Клоппеншульц издал тихий смешок, весело поглядывая на своего гостя:
– Дело в том, господин Скуле, что свести человека с ума – это, знаете ли, весьма простая (я бы даже сказал – банальная) задача. Даже и не задача вовсе, а – так, небольшая штудия.
– В самом деле?
– Да уж поверьте мне, молодой человек, я знаю, о чём говорю. Очень простая задача, которая была бы довольно любопытна, если бы не эта её простота. Коротко говоря, мой друг, чтобы свести человека с ума, достаточно дать ему понять, что его пытаются свести с ума. И всё. Всё остальное он сделает сам.
– В смысле?
– А какой вам ещё смысл, господин Скуле?

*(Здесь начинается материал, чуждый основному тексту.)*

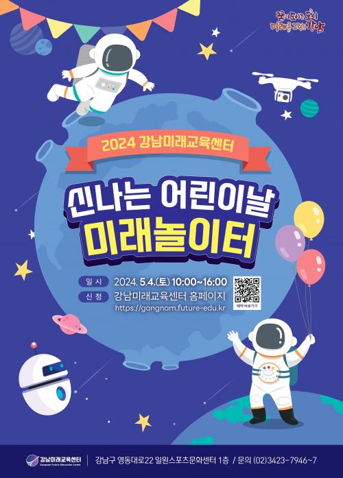 °­³²±¸(±¸Ã»Àå Á¶¼º¸í)°¡ ¾î¸°À̳¯À» ¸Â¾Æ ¿À´Â 5¿ù 4ÀÏ 10½Ã~16½Ã °­³²¹Ì·¡±³À°¼¾ÅÍ(¿µµ¿´ë·Î 22)¿¡¼­ °¡Á·µé°ú ÇÔ²² ¹Ì·¡±â¼úÀ» Áñ°Ì°Ô üÇèÇÒ ¼ö ÀÖ´Â ¹Ì·¡ ³îÀÌÅ͸¦ ¿î¿µÇÑ´Ù. ¹Ì·¡ ³îÀÌÅÍ´Â ÃʵîÇб³ 1~6Çгâ ÇлýÀ» ´ë»óÀ¸·Î 16Á¾ÀÇ ÇÁ·Î±×·¥°ú 6Á¾ÀÇ À̺¥Æ® µî¡¦
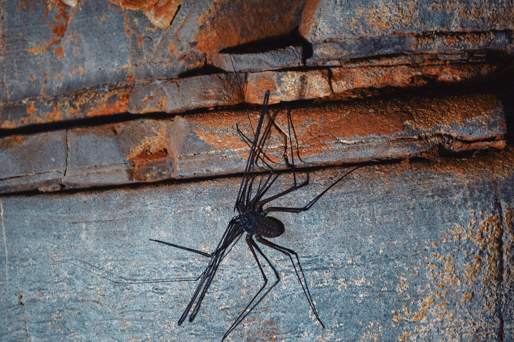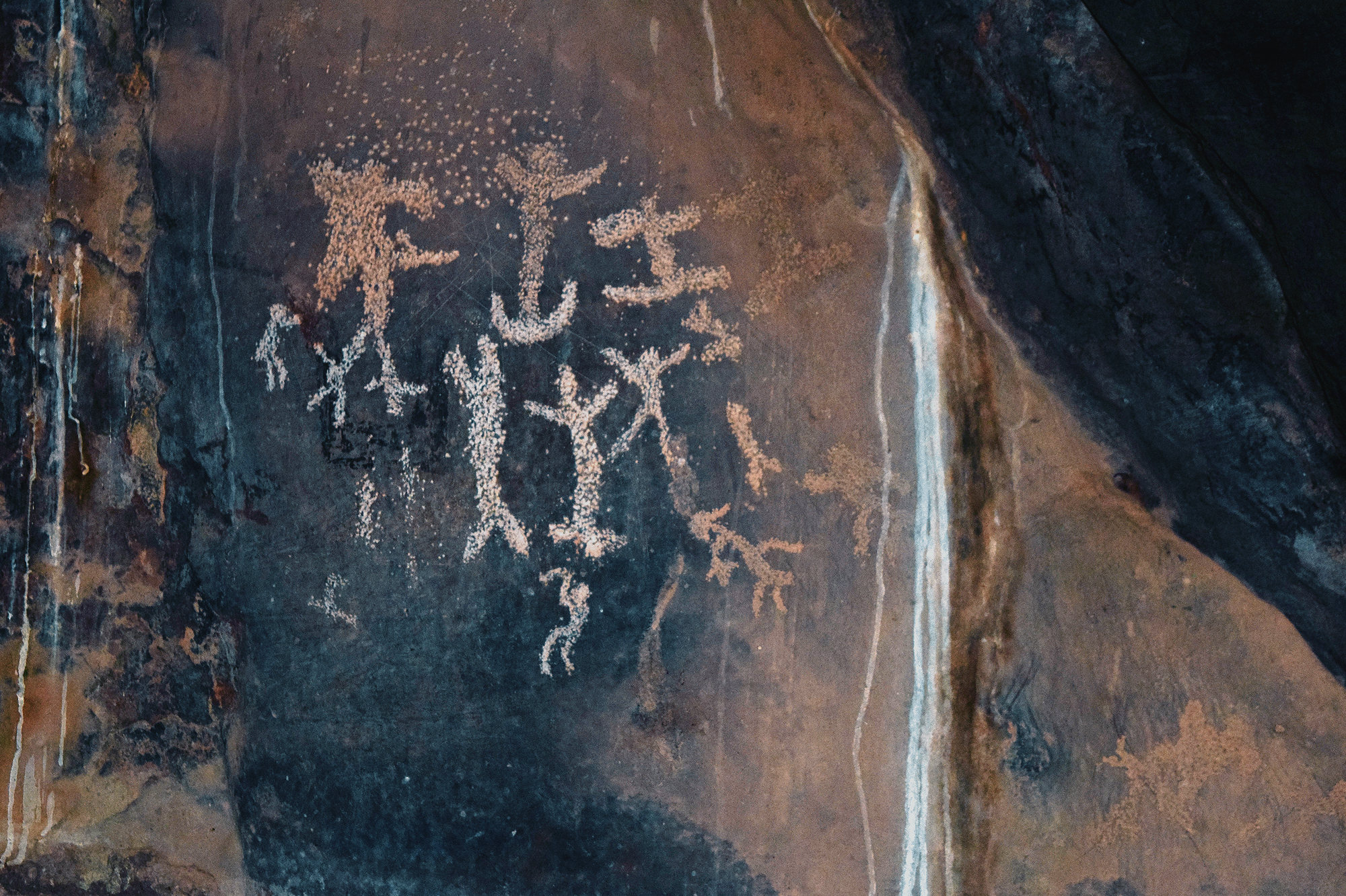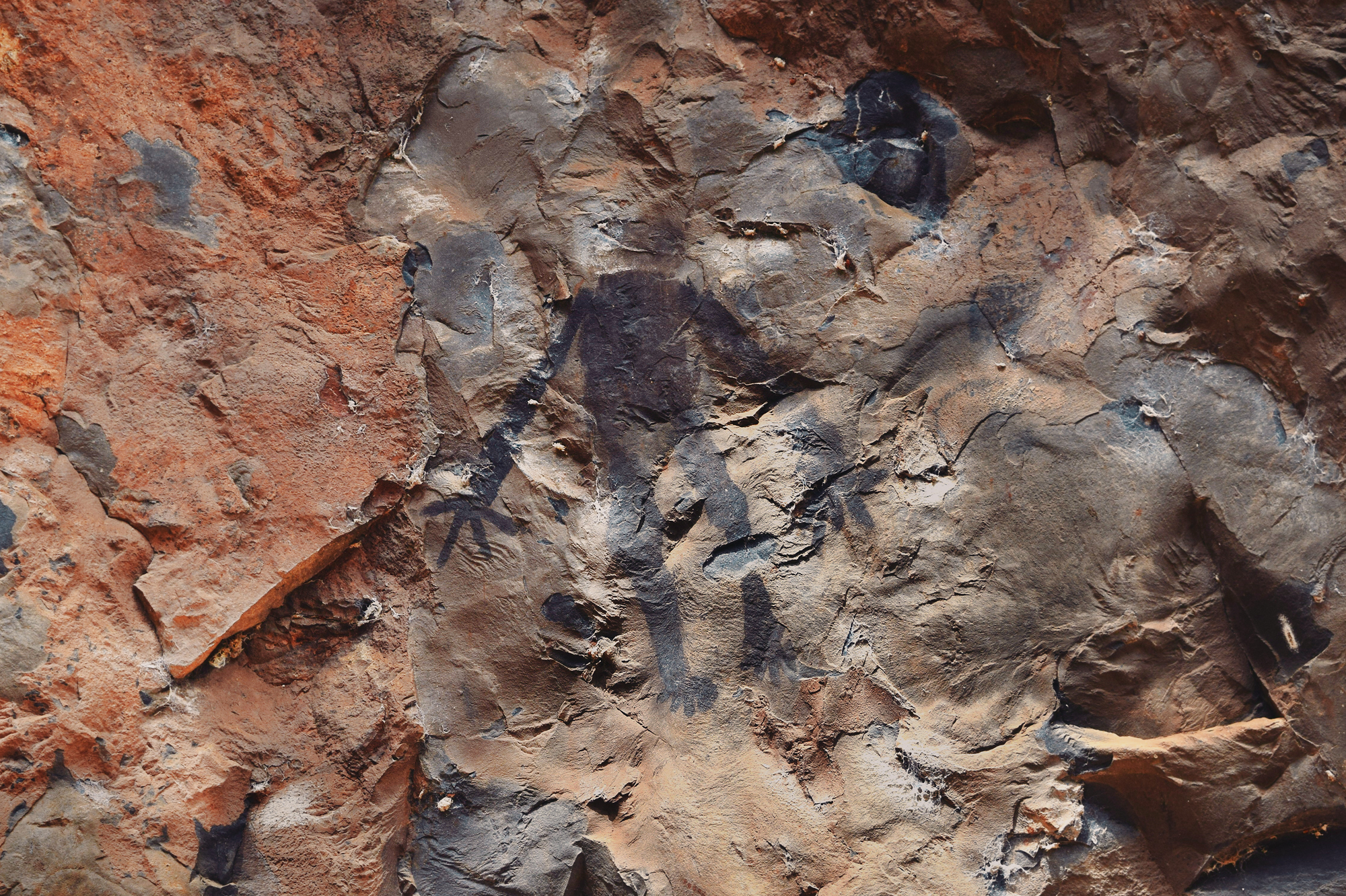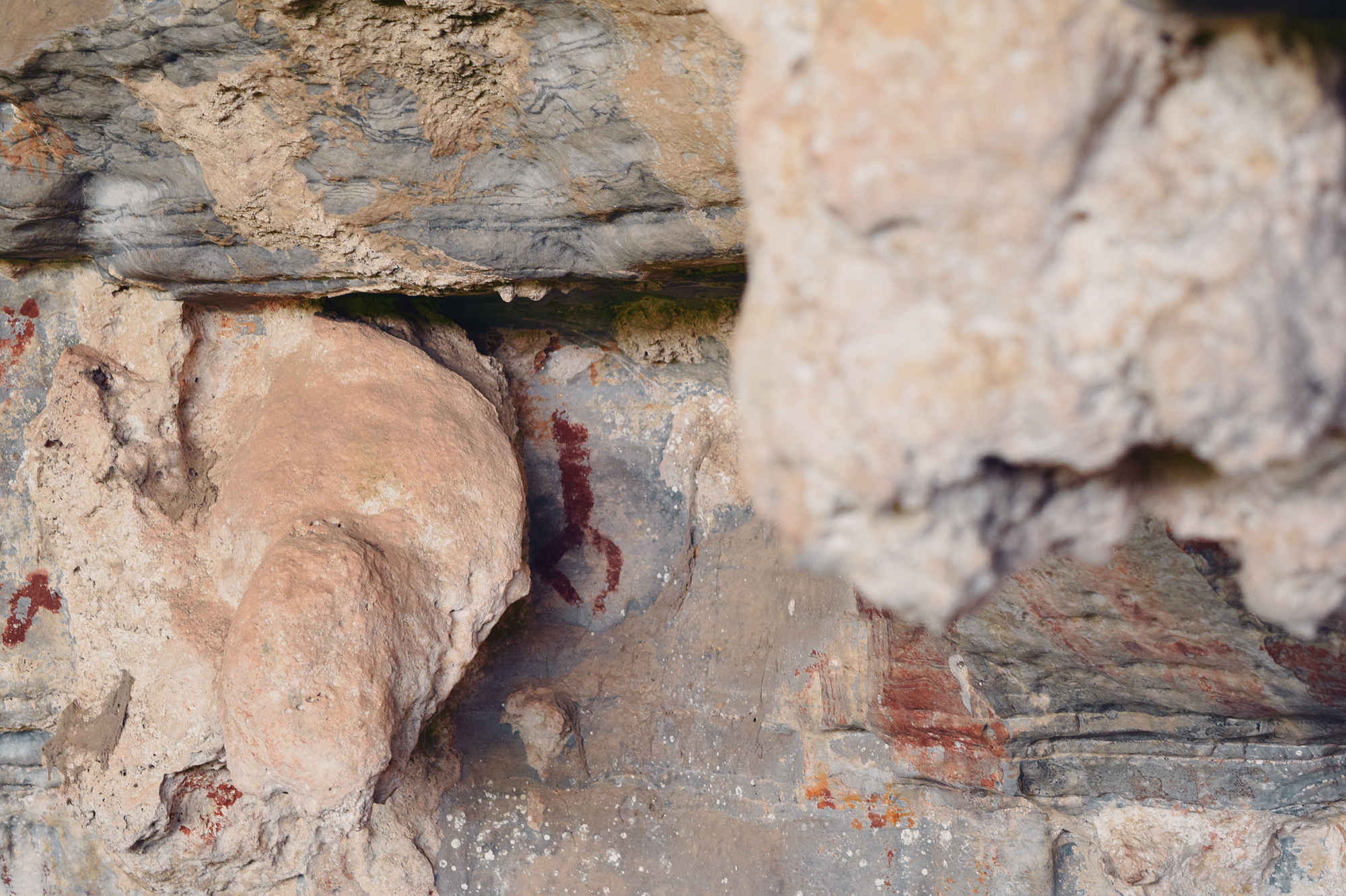 Researchers have identified four moments within the São Francisco Tradition: The first is simple and largely monochrome. The second marks the full emergence of the tradition, with extensive use of red-and-yellow bichromy and an expanded range of themes. The third reduces thematic diversity but intensifies chromatic complexity, introducing tri- and quadricolored figures (polychromy at its most whole form) and new motifs. The fourth moment represents an explosion of color use, the introduction of white made from calcite, and a renewed emphasis on “cartuchos”, nets, and lozenges, as well as other geometric forms, along with a broader range of supports and locations throughout the long valley. Across these moments, choices of site and support were clearly not random. Large, regular, vertical walls were preferred early on, often in secondary canyons or at elevated points distant from the river. Later phases expanded into irregular floors, ceilings, and previously occupied sites, indicative not necessarily of territorial expansion but of a reworking of an already meaningful landscape. Curiously, there is no rock art inside the caves, even within those that receive sunlight for kilometers, such as Janelão, thanks to clearings formed by sinkholes or collapsed ceilings that provide enough light for tropical vegetation to grow. Rock art also isn’t found in the aphotic zones of Peruaçu’s many deep caves. The colossal karst caves, in many ways reminiscent of those from the limestone plateau around the Ardèche River in France, home to Chauvet-Pont-d’Arc, might have seemed an obvious site for paintings. Yet, in almost 12.000 years, the denizens of the Peruaçu Valley apparently never ventured into the deep, pitch-dark recesses of these caves. The reasons may remain forever unknown. Perhaps the staggering abundance of brown recluse spiders, among the deadliest in the world, inside all caves acted as a deterrent. Yet it is almost certain that these prehistoric populations possessed their own understanding of the subterranean world, which decisively shaped their choice not to paint in the cave depths.

Дайте человеку понять, что вы решили довести его до безумия, небрежно сделайте пару двусмысленных намёков, отпустите пару загадочных фраз… А потом только поддерживайте его в его борьбе с собственным психическим здоровьем: легко и ненавязчиво акцентируйте его внимание на тех странноватых поступках, которые он начнёт совершать, на тех глупостях, которые он станет время от времени говорить, на необычной горячности, с которой он станет отрицать любые подозрения в собственной ненормальности, которые у него же и возникнут, на излишней подозрительности, которую он, естественно, станет проявлять. Однако ни в коем случае не забывайте при этом делать вид, что у вас нет никаких злых намерений, но – внимание, молодой человек! – делать этот вид нужно очень осторожно, ваша игра должна быть тонкой – такой, чтобы у него оставались сомнения в вашей искренности. Это укрепит бедолагу во мнении, что его действительно хотят довести до безумия и что некоторых результатов злодей таки добился. Ну, и так далее; его психика будет сначала медленно, а потом всё стремительней закручиваться в спираль, процесс пойдёт по нарастающей, и чем больших успехов он добьётся в разрушении своей психики, тем больше усилий будет прилагать для окончательной победы над собственным разумом.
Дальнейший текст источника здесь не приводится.